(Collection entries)
########################################

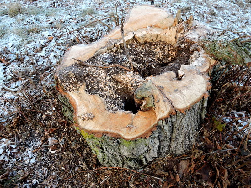 Nyligen nedsågat äldre träd .
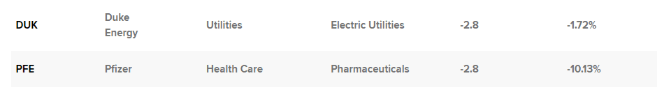 V oblasti veřejných služeb má společnost Duke Energy (DUK) beta -2,8 a do úterního závěru letošního roku ztratila přibližně 2 %. V listopadu energetická společnost vykázala nižší zisk, když její zisk na akcii za třetí čtvrtletí dosáhl 1,78 USD oproti odhadu StreetAccount ve výši 1,84 USD. Tržby však dosáhly 7,97 miliardy USD, což je více než očekávaných 7,39 miliardy USD.
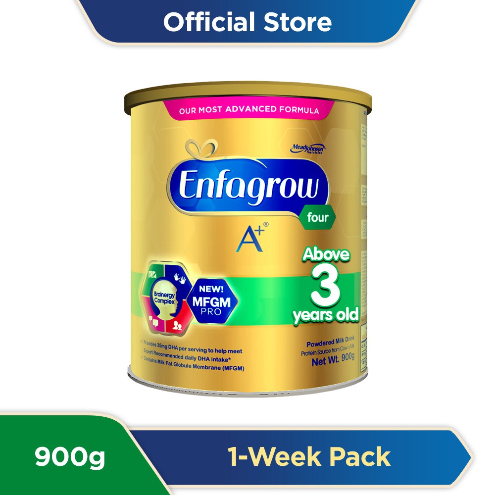 Enfagrow A+ : Enfagrow a+ is the world's leading milk formula brand for nutrition.. All the enfagrow a+ products on enfamil malaysia website. Enfagrow a+ four powdered milk drink provides 168kcal/40g and the following nutrients: 85% of brain growth is complete by age 3. A toddler's brain consumes more energy than any other organ. Add 4 level scoops or 3 heaping tablespoons, approximately 40g of enfagrow a+ four powder.
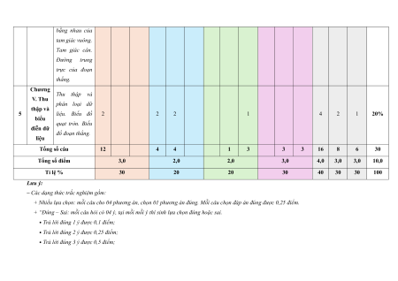 diễn dữ đồ đoạn thẳng. liệu Tổng số câu 12 4 4 1 3 3 3 16 8 6 30 Tổng số điểm 3,0 2,0 2,0 3,0 4,0 3,0 3,0 10,0 Tỉ lệ % 30 20 20 30 40 30 30 100 Lưu ý:
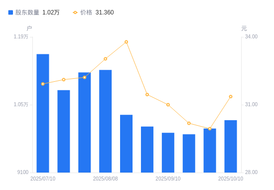 近一年(2024年10月10日至2025年10月10日),争光股份A股股东户数从1.14万户,减低至1.02万户,降幅10.85%,区间股价上涨30.01%。
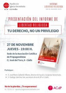 La fundación pontificia Ayuda a la Iglesia Necesitada (ACN España), en colaboración con la Asociación Católica de Propagandistas (ACdP), presenta, el jueves 27 de noviembre, su Informe Libertad Religiosa en el Mundo 2025. Será a las 19:00h en la Sede de la Asociación Católica de Propagandistas de Cádiz (c/José del Toro, 6).
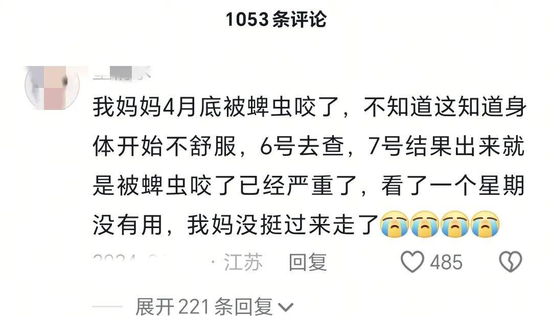 然后一個網友說自己的媽媽在4月底被蜱蟲咬了,一個星期這樣就去世了。
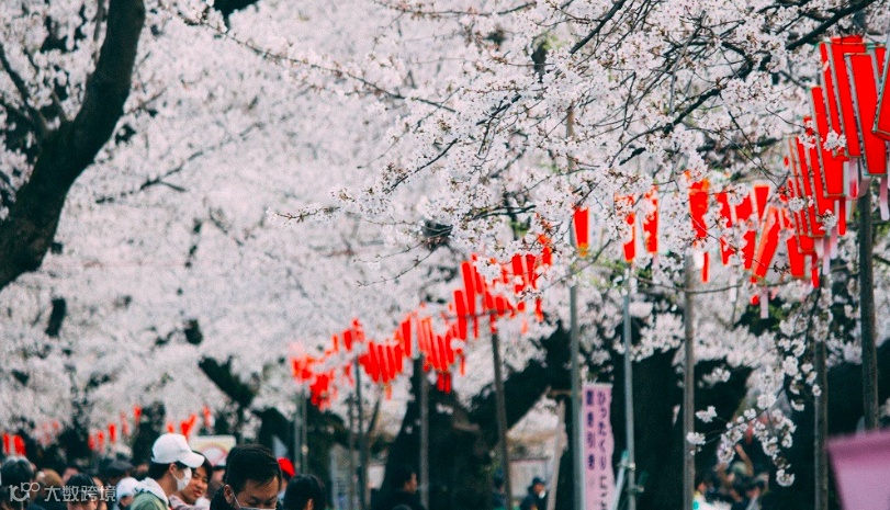 上野公园是东京人气第一的赏樱打卡地,公园里拥有多达1200棵的樱花树,每到樱花盛开的时候,这里都会举办“樱花祭”。
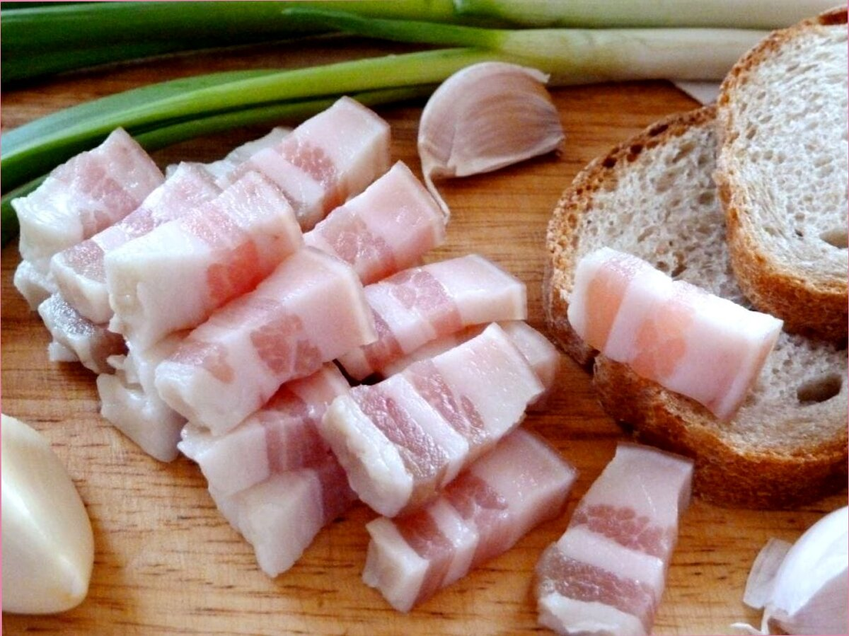 Ингредиенты: Сало — 1 кг, крупная соль — 150 г, перец душистый — 1 ч. ложка, лавровый лист — 2 шт., чеснок — 3-4 зубчика, вода — 200 мл. Вскипятите воду с солью и специями, залейте этой смесью нарезанное сало и оставьте в холодильнике на 7-10 дней.
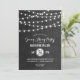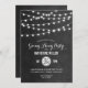 Chic modern summer going away party invitation design with simple elegant glowing string lights hanging across the top and a classy mix of modern and calligraphy script fonts on a printed faux watercolor texture background. A simple and stylish preppy design, perfect for summer! Click the CUSTOMIZE IT button to customize fonts, move text around and create your own unique one-of-a-kind invitation design.
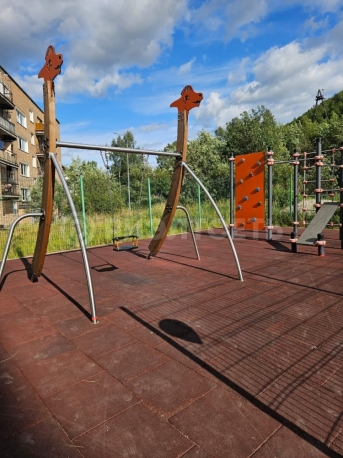 Просторный двор с достаточным количеством места для парковки, новая детская площадка во дворе. Удобное расположение под комерцию.
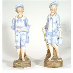 Large pair of hand painted bisque figures , a young girl and boy, the boy clutching a boat, the girl a bucket, 38cm high
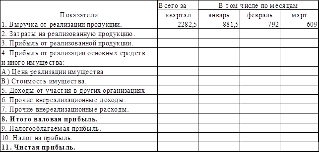 · Определить валовую и чистую прибыль завода и составить прогноз о прибылях и убытках за 1 квартал (табл. 7).
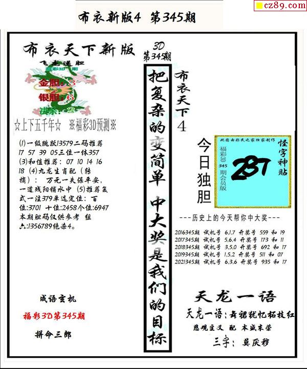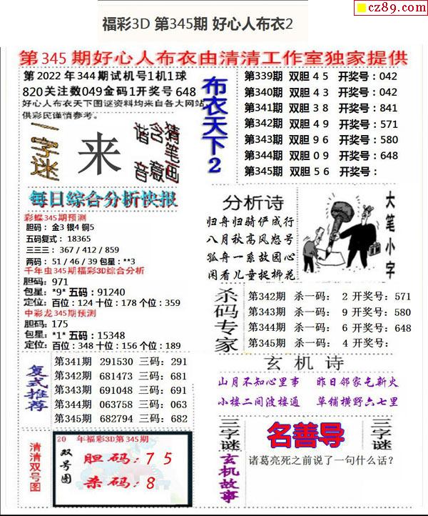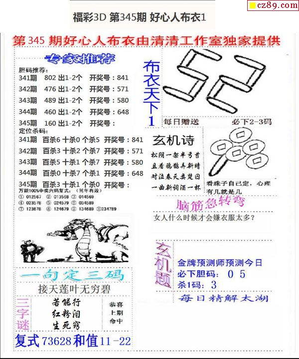 福彩3D2025334期 祁连牧哥百财纳福胆码图谜推荐
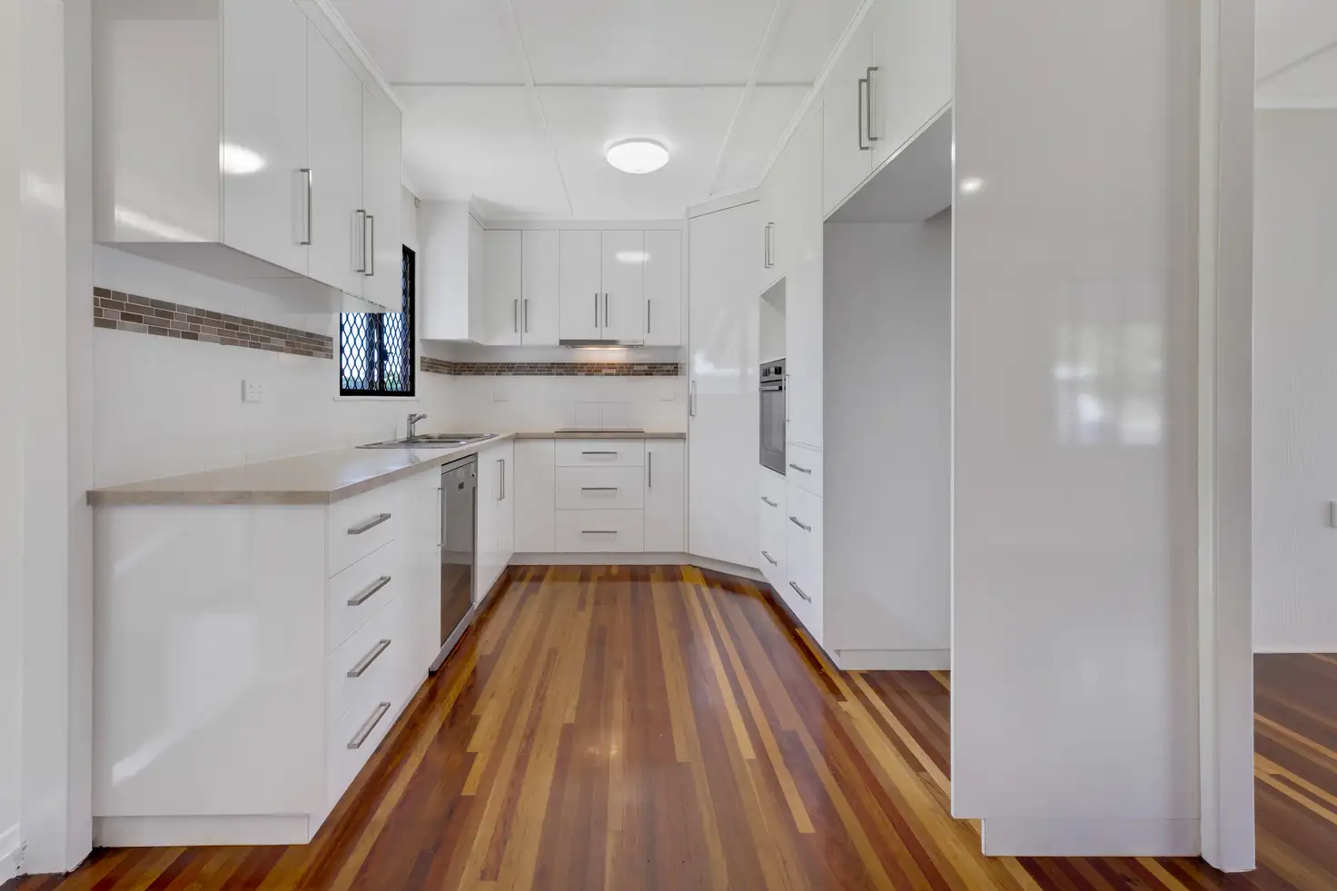 Walking up to the cute front deck, you get the feeling this appealing property has a lot to offer; and you'd be right! Polished timber floors flow throughout this inviting home, creating an earthy, welcoming ambience that instantly calms your senses. The spacious open plan lounge & dining zone lead onto the large, modern kitchen. Looking bright & timeless, this classic & well-designed space features a large fridge cavity, an oversized step-in pantry, dishwasher, easy clean cooktop, wall oven, up high microwave nook, fabulous prep & storage space & a window view of the big backyard.
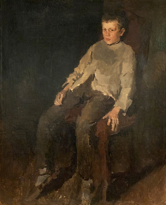 Wilhelm Leibl (1844-1900). Bauernjunge auf einem Stuhl, 1875. Nationalgalerie Berlin.
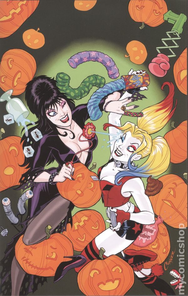 View scans(W) Amanda Conner, Jimmy Palmiotti (A) Amanda Conner, Juan Samu (CA) Amanda Conner THE MISTRESS OF THE DARK MEETS DADDY'S LITTLE MONSTER! What happens when the Clown Princess of Crime gets bored? Shenanigans, hijinks, grievous bodily harm… the possibilities are endless! Now add in a certain macabre-minded TV host who seems to attract trouble like crypts attract vampires, and the stage is set for the greatest team-up since Frankenstein met his Bride! With her beloved show on the chopping block following a corporate takeover, Elvira needs to come up with a plan to get things back in the black - and her new friend Harley Quinn has an idea that's just crazy enough to work! Together, they're going to throw the greatest Halloween party Brooklyn has ever seen - whether the borough likes it or not! Written by AMANDA CONNER and JIMMY PALMIOTTI - the world-famous tag-team of all things Harley Quinn - this crossover event for the ages from Dynamite and DC Comics also showcases Amanda's fan-favorite artistic chops, with each issue featuring two (count 'em, two) Conner covers. And that's not all (certainly not!) - she's also joining interior artist (and Elvira favorite) JUAN SAMU to provide selected story pages for the series! But wait, there's more! This premier issue also includes darkly captivating covers from JOSEPH MICHAEL LINSNER, CHAD HARDIN, BEN CALDWELL, and best-selling Mark Spears Monsters creator MARK SPEARS! Cover price $50.00.
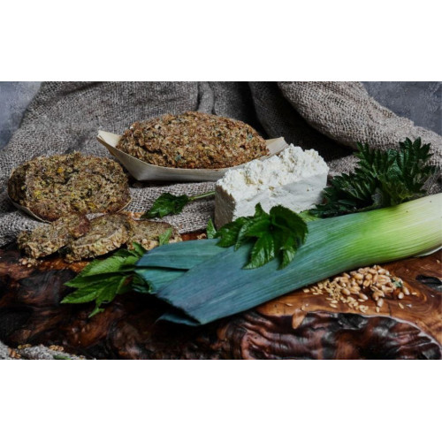 Состав (без муки): пророщенная пшеница; семена льна; тофу; крапива; сныть; лук-порей; лук-шалот; лавровый лист; зира; укроп; перец чёрный; перец красный; куркума; имбирь; кокосовое нерафинированное масло; соль гималайская; хмеле-медовая закваска.
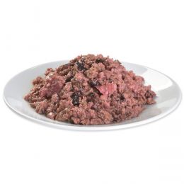 Složení: 85% maso a vedlejší výrobky živočišného původu ve filetech (8% jehně), 9,6% masová šťáva, 1,5% byliny a ovoce (hřebíček, citrusy, rozmarýn, kurkuma), 0,5% borůvky, 1% minerály, 1% lososový olej, 0,5% mannan-oligosacharidy, 0,5% frukto-oligosacharidy, 0,4% inulin.
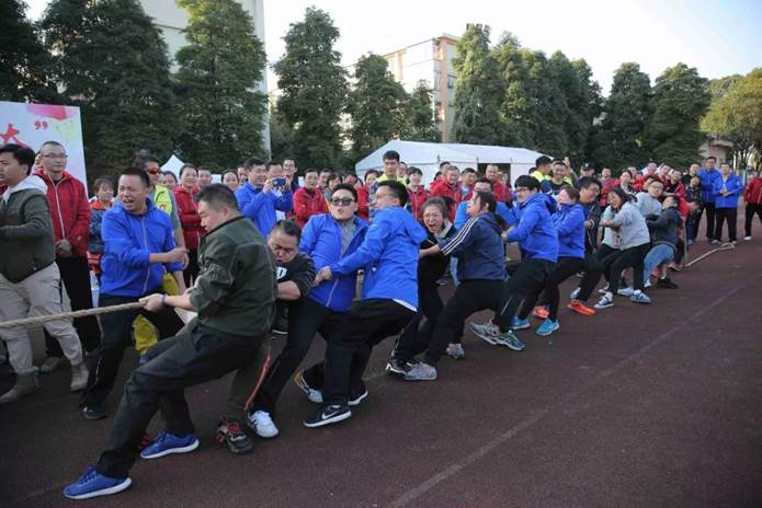 原来最激动人心的拔河比赛就要开始啦!参加比赛的成员一个个都拿出一股力拔山河气盖世的状态来积极应战~
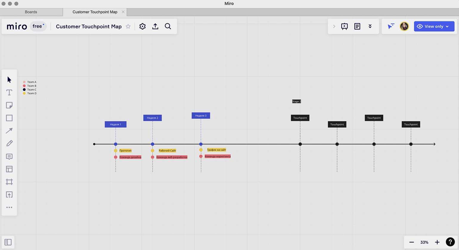 Miro — сервис для совместной работы команд. В нём можно полностью самостоятельно составить дорожную карту на собственной онлайн-доске или воспользоваться уже готовыми шаблонами. Вот пример шаблона дорожной карты в виде временной линии с контрольными точками, где прописаны основные процессы проекта и ответственные исполнители.
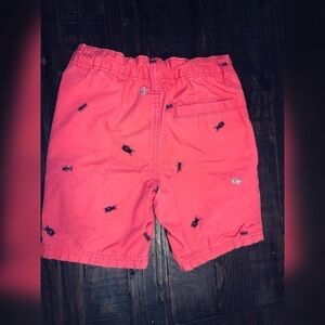 Who says girls can’t like bugs? And who says boys can’t wear pink? These were purchased from the little boys section however, I think they are perfectly unisex. Size 5 in little kids. The coral pink color is perfect for summer. Embroidered bugs all over the front and back in tones of navy and a silvery gray. Good condition. Inseam is 4”
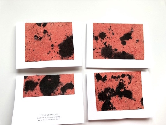 Red Earth:Ink on Thai Paper, heated by the sun then collaged.Small Art Pieces are hand done and unique. Can be used as a very special greeting card with matching envelopes and blank interior. Each piece is 5 x 7 available for $20.00 Shipping by USPS Priority mail shipping holds up to 16 cards per shipment. Find out about new cards on Instagram: https://www.instagram.com/tessajohnson_art/ |
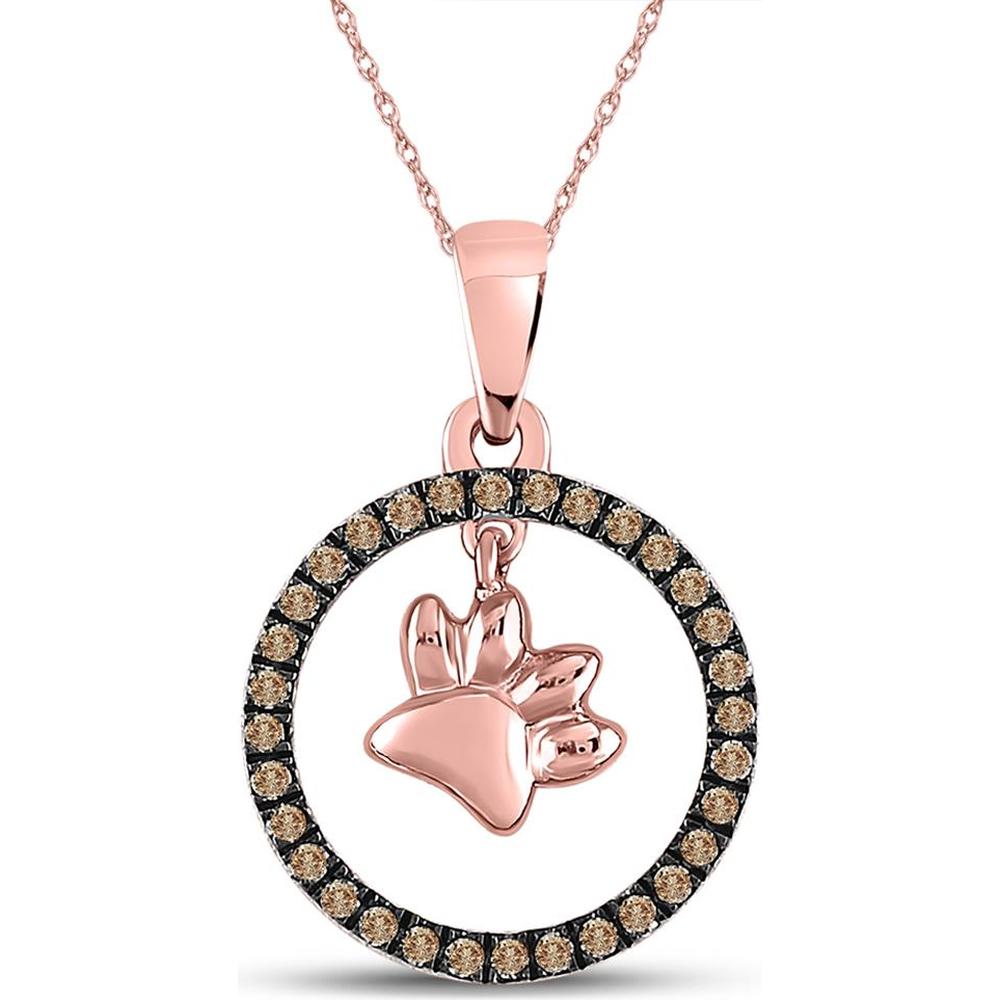 10K Rose Gold Circle Pendant with Prong-Set Round Brown Diamonds and Dog Paw Charm - 0.20 Carat Total Diamond Weight
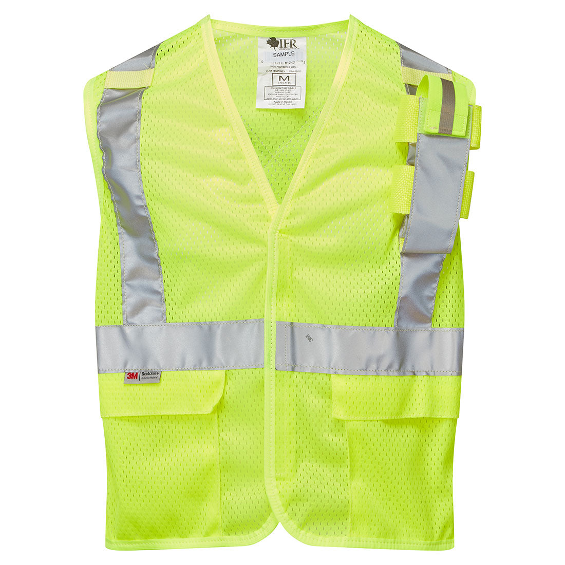 • 5-Point tear-away system that allows the vest to “tear-away” at 5 points in case of emergencies, • Featuring 2” 3M™ Scotchlite™ Reflective Trim, • Made with Hi-Viz 100% polyester mesh, • Expandable radio holster

########################################

_Task brief_: Return every entry above exactly as written, minus the pictures.

_Output_:
 Nyligen nedsågat äldre träd .
 V oblasti veřejných služeb má společnost Duke Energy (DUK) beta -2,8 a do úterního závěru letošního roku ztratila přibližně 2 %. V listopadu energetická společnost vykázala nižší zisk, když její zisk na akcii za třetí čtvrtletí dosáhl 1,78 USD oproti odhadu StreetAccount ve výši 1,84 USD. Tržby však dosáhly 7,97 miliardy USD, což je více než očekávaných 7,39 miliardy USD.
 Enfagrow A+ : Enfagrow a+ is the world's leading milk formula brand for nutrition.. All the enfagrow a+ products on enfamil malaysia website. Enfagrow a+ four powdered milk drink provides 168kcal/40g and the following nutrients: 85% of brain growth is complete by age 3. A toddler's brain consumes more energy than any other organ. Add 4 level scoops or 3 heaping tablespoons, approximately 40g of enfagrow a+ four powder.
 diễn dữ đồ đoạn thẳng. liệu Tổng số câu 12 4 4 1 3 3 3 16 8 6 30 Tổng số điểm 3,0 2,0 2,0 3,0 4,0 3,0 3,0 10,0 Tỉ lệ % 30 20 20 30 40 30 30 100 Lưu ý:
 近一年(2024年10月10日至2025年10月10日),争光股份A股股东户数从1.14万户,减低至1.02万户,降幅10.85%,区间股价上涨30.01%。
 La fundación pontificia Ayuda a la Iglesia Necesitada (ACN España), en colaboración con la Asociación Católica de Propagandistas (ACdP), presenta, el jueves 27 de noviembre, su Informe Libertad Religiosa en el Mundo 2025. Será a las 19:00h en la Sede de la Asociación Católica de Propagandistas de Cádiz (c/José del Toro, 6).
 然后一個網友說自己的媽媽在4月底被蜱蟲咬了,一個星期這樣就去世了。
 上野公园是东京人气第一的赏樱打卡地,公园里拥有多达1200棵的樱花树,每到樱花盛开的时候,这里都会举办“樱花祭”。
 Ингредиенты: Сало — 1 кг, крупная соль — 150 г, перец душистый — 1 ч. ложка, лавровый лист — 2 шт., чеснок — 3-4 зубчика, вода — 200 мл. Вскипятите воду с солью и специями, залейте этой смесью нарезанное сало и оставьте в холодильнике на 7-10 дней.
 Chic modern summer going away party invitation design with simple elegant glowing string lights hanging across the top and a classy mix of modern and calligraphy script fonts on a printed faux watercolor texture background. A simple and stylish preppy design, perfect for summer! Click the CUSTOMIZE IT button to customize fonts, move text around and create your own unique one-of-a-kind invitation design.
 Просторный двор с достаточным количеством места для парковки, новая детская площадка во дворе. Удобное расположение под комерцию.
 Large pair of hand painted bisque figures , a young girl and boy, the boy clutching a boat, the girl a bucket, 38cm high
 · Определить валовую и чистую прибыль завода и составить прогноз о прибылях и убытках за 1 квартал (табл. 7).
 福彩3D2025334期 祁连牧哥百财纳福胆码图谜推荐
 Walking up to the cute front deck, you get the feeling this appealing property has a lot to offer; and you'd be right! Polished timber floors flow throughout this inviting home, creating an earthy, welcoming ambience that instantly calms your senses. The spacious open plan lounge & dining zone lead onto the large, modern kitchen. Looking bright & timeless, this classic & well-designed space features a large fridge cavity, an oversized step-in pantry, dishwasher, easy clean cooktop, wall oven, up high microwave nook, fabulous prep & storage space & a window view of the big backyard.
 Wilhelm Leibl (1844-1900). Bauernjunge auf einem Stuhl, 1875. Nationalgalerie Berlin.
 View scans(W) Amanda Conner, Jimmy Palmiotti (A) Amanda Conner, Juan Samu (CA) Amanda Conner THE MISTRESS OF THE DARK MEETS DADDY'S LITTLE MONSTER! What happens when the Clown Princess of Crime gets bored? Shenanigans, hijinks, grievous bodily harm… the possibilities are endless! Now add in a certain macabre-minded TV host who seems to attract trouble like crypts attract vampires, and the stage is set for the greatest team-up since Frankenstein met his Bride! With her beloved show on the chopping block following a corporate takeover, Elvira needs to come up with a plan to get things back in the black - and her new friend Harley Quinn has an idea that's just crazy enough to work! Together, they're going to throw the greatest Halloween party Brooklyn has ever seen - whether the borough likes it or not! Written by AMANDA CONNER and JIMMY PALMIOTTI - the world-famous tag-team of all things Harley Quinn - this crossover event for the ages from Dynamite and DC Comics also showcases Amanda's fan-favorite artistic chops, with each issue featuring two (count 'em, two) Conner covers. And that's not all (certainly not!) - she's also joining interior artist (and Elvira favorite) JUAN SAMU to provide selected story pages for the series! But wait, there's more! This premier issue also includes darkly captivating covers from JOSEPH MICHAEL LINSNER, CHAD HARDIN, BEN CALDWELL, and best-selling Mark Spears Monsters creator MARK SPEARS! Cover price $50.00.
 Состав (без муки): пророщенная пшеница; семена льна; тофу; крапива; сныть; лук-порей; лук-шалот; лавровый лист; зира; укроп; перец чёрный; перец красный; куркума; имбирь; кокосовое нерафинированное масло; соль гималайская; хмеле-медовая закваска.
 Složení: 85% maso a vedlejší výrobky živočišného původu ve filetech (8% jehně), 9,6% masová šťáva, 1,5% byliny a ovoce (hřebíček, citrusy, rozmarýn, kurkuma), 0,5% borůvky, 1% minerály, 1% lososový olej, 0,5% mannan-oligosacharidy, 0,5% frukto-oligosacharidy, 0,4% inulin.
 原来最激动人心的拔河比赛就要开始啦!参加比赛的成员一个个都拿出一股力拔山河气盖世的状态来积极应战~
 Miro — сервис для совместной работы команд. В нём можно полностью самостоятельно составить дорожную карту на собственной онлайн-доске или воспользоваться уже готовыми шаблонами. Вот пример шаблона дорожной карты в виде временной линии с контрольными точками, где прописаны основные процессы проекта и ответственные исполнители.
 Who says girls can’t like bugs? And who says boys can’t wear pink? These were purchased from the little boys section however, I think they are perfectly unisex. Size 5 in little kids. The coral pink color is perfect for summer. Embroidered bugs all over the front and back in tones of navy and a silvery gray. Good condition. Inseam is 4”
 Red Earth:Ink on Thai Paper, heated by the sun then collaged.Small Art Pieces are hand done and unique. Can be used as a very special greeting card with matching envelopes and blank interior. Each piece is 5 x 7 available for $20.00 Shipping by USPS Priority mail shipping holds up to 16 cards per shipment. Find out about new cards on Instagram: https://www.instagram.com/tessajohnson_art/ |
 10K Rose Gold Circle Pendant with Prong-Set Round Brown Diamonds and Dog Paw Charm - 0.20 Carat Total Diamond Weight
 • 5-Point tear-away system that allows the vest to “tear-away” at 5 points in case of emergencies, • Featuring 2” 3M™ Scotchlite™ Reflective Trim, • Made with Hi-Viz 100% polyester mesh, • Expandable radio holster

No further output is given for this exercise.